By Ehud Reiter | July 6, 2022
buliding natural language generation systems

Back in 2000, I wrote a book on Building Natural Language Generation Systems (co-authored with Robert Dale, who worked for Arria in its early years). Many people, including Arria staff and clients, have told me that they still find my book to be useful despite its age, which is pretty remarkable in AI!  Most AI books lose their relevance in five years (sometimes two years), so it’s a nice feeling that my book is still useful 22 years after it was published.

Of course, much of the book is out-of-date. Below are my thoughts on which parts of the book are still relevant in 2022.

Title – the book is called “Building Natural Language Generation Systems,” however it focuses on data-to-text (i.e. the kind of NLG that Arria does). In the present-day context, in which NLG is a better-known technology, the book should be called “Building Data-to-Text Systems”. Indeed, I suspect that a 2022 book on NLG would discuss text-to-text as well as data-to-text applications.
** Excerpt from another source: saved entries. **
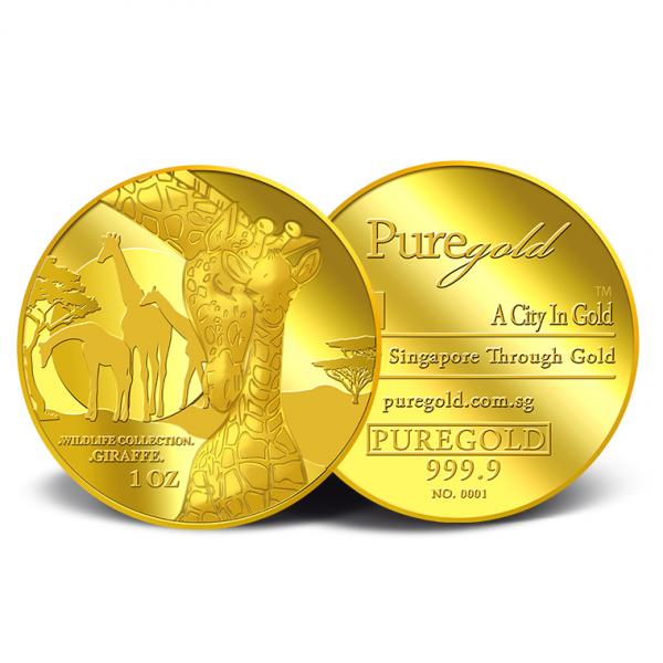 The image of a giraffe and its calf is embossed on a 1oz 999.9 fine gold.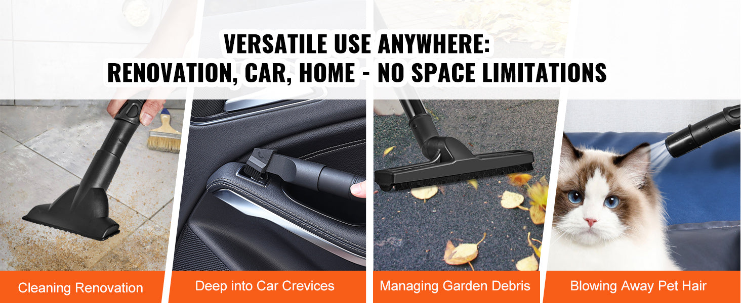 2-in-1 Crevice Nozzle: With a 21.3ft cleaning reach and a brush attachment, it easily cleans various surfaces without damaging upholstery or furniture textures. The flat nozzle reaches walls and corners, leaving no dirt behind.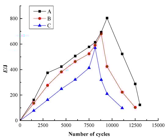 It can be seen from Figure 6 that when the internal energy storage in three groups A, B and C reaches peak, respectively, the number of cycles is 9450, 8820 and 8160. It can be assumed that these three moments are the critical moments of the actual damage of the specimens. Figure 5 shows that when the defect area would not evolve any longer, the corresponding numbers of cycles are 9501, 8784 and 8076. This shows that at the critical moment of the assumption, the defect area of the material is almost no longer evolved.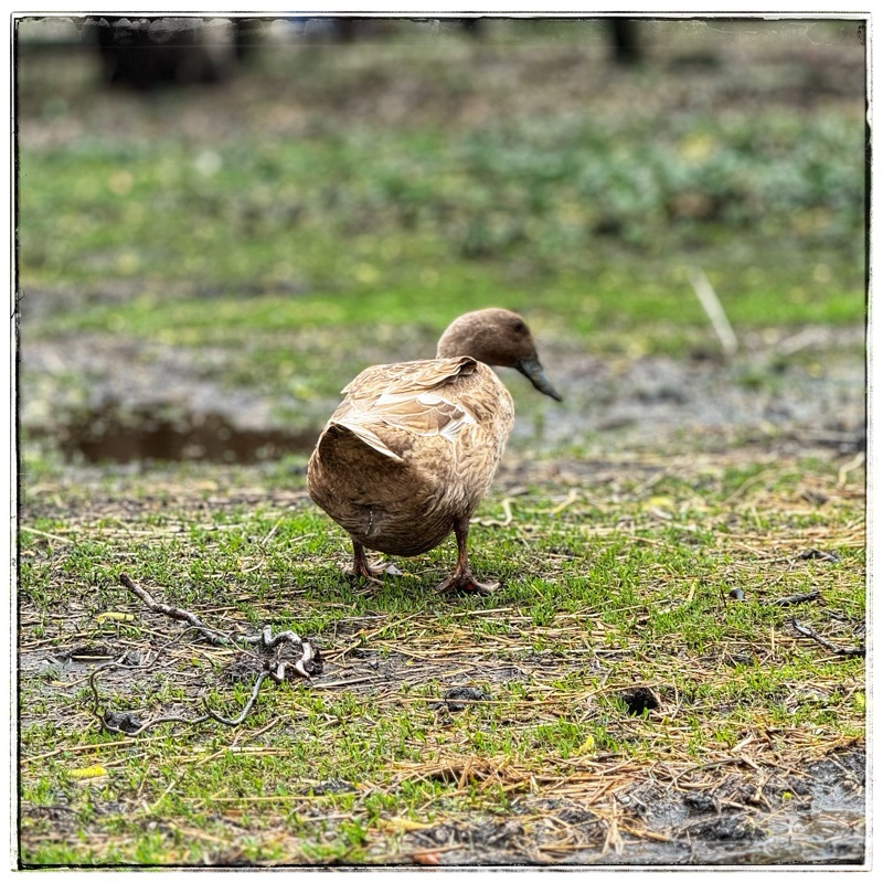 Quacker is quacking along. Unlike Mr Flowers she is delighted with the wet weather.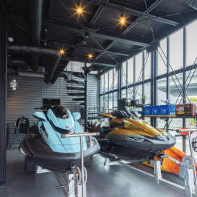 大きなガラスに面した開放的なガレージ空間に、お気に入りのギアを並べて演出。休日はここで仲間たちと集う、遊びの前線基地としても活躍!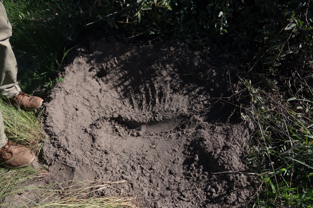 As the elephants move through the landscape, you sometimes find their bedrooms. They choose a small sloping bank, and scrape a depression in it. They lie so that their feet are lower than their head, making it easier to get up in the morning! In this shot, TJ is standing near the head rest area, the feet would be in the foreground.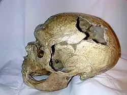 La Chapelle-aux-Saints 1 ("The Old Man") is an almost-complete male Neanderthal skeleton discovered in La Chapelle-aux-Saints, France by A. and J. Bouyssonie, and L. Bardon in 1908. The individual was in his 50s-60s at the time of his death.[1] He was in bad health, having lost most of his teeth and suffering from bone resorption in the mandible and advanced arthritis.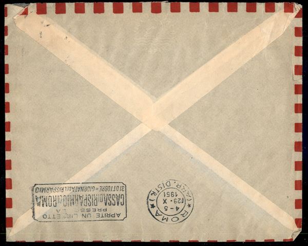 Quartina del 20 cent (502) tete beche con interspazio - aerogramma da Zurigo a Roma del 27.10.51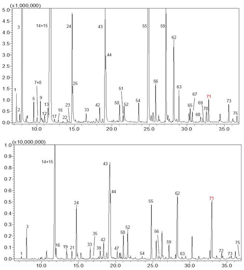 The composition of the EO and hydrosol volatile fractions of the M. communis L. leaves was investigated by GC-MS (Figure 2) and GC-FID analyses; 75 components were detected in both samples, accounting for 98.6% and 93.8% of the oil and extract, respectively. Peak identification was achieved by means of GC-MS exploiting the linear retention indices (LRIs) calculated against a C7–C30 alkane homologous series. Two filters were applied as criteria for positive identification in the library search, namely a minimum MS similarity of 85% and a tolerance window of ±5 LRI units with respect to the experimental LRI. Only one component, accounting for about 0.78% of the oil and 7.29% of the hydrosol extract, was not identified due to the lack of any spectral and LRI data in the MS libraries.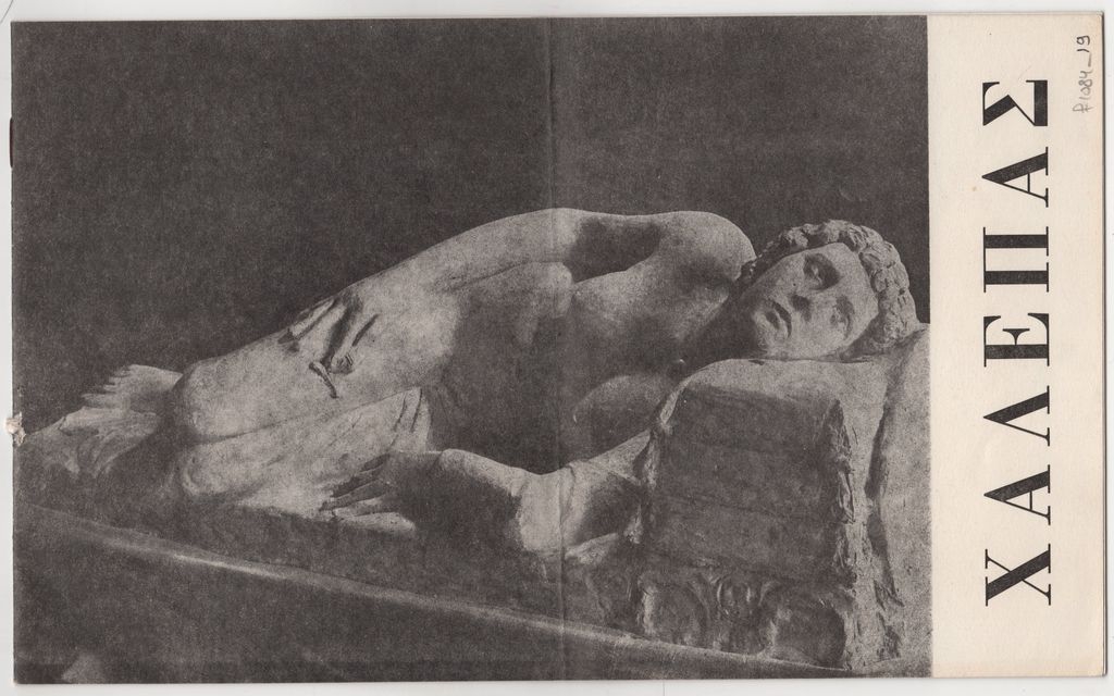 Έντυπο, στα ελληνικά, πολυσέλιδο, χαρτί, 17,0×27,7 εκ. Κατάλογος της ατομικής έκθεσης έργων του Γιαννούλη Χαλεπά στην Αθήνα το 1964/5. Περιέχει κείμενα των Δ. Πικιώνη, Μ. Καλλιγά και Στρ. Δούκα, βιογραφικό σημείωμα του καλλιτέχνη και κατάλογο έργων. Στο πλαίσιο της έκθεσης ομιλίες πραγματοποίησαν οι: Γιάννης Τσαρούχης και Άγγελος Προκοπίου

Chapter 1: Introduction. This chapter describes the basic concepts of data-to-text, which have not changed. It also describes several examples of NLG systems. These example systems are dated, and a book published in 2022 would probably include examples from Arria’s key use cases, such as financial services and sports. But still, the examples from 2000 do show what NLG can do.

Chapter 2: NLG in practice. This chapter discusses when NLG makes sense, and how to use corpus analysis to understand requirements; this material is still valid and indeed used by Arria. A 2022 book on NLG would probably say much more about evaluation and testing, and also about commercial usage of NLG technology.

Chapter 3: Architecture. This chapter presents the basic document planning, microplanning, and realization architecture. I still believe in this architecture, which is used in many Arria systems. I also note that people who initially try something different (e.g. end-to-end neural NLG) often seem to drift back to something like this architecture. Because it works!

Chapter 4: Document Planning. This chapter presents basic concepts of document planning – how to assemble sentences into a narrative. The concepts haven’t changed since 2000, and indeed many of the techniques presented here are still valid and in use by Arria.

Chapter 5: Microplanning. This chapter presents basic concepts of microplanning – making good linguistic choices in narratives. The concepts haven’t changed much since 2000. The technology, however, has advanced; although the techniques presented in the book are still useful in some contexts (and indeed used by some Arria systems).

Chapter 6: Surface Realisation. This chapter presents basic concepts of realization, – producing grammatically correct texts. I think this is the most dated chapter; some of the conceptual stuff still applies, but none of the realizers described in the book are still used in 2022.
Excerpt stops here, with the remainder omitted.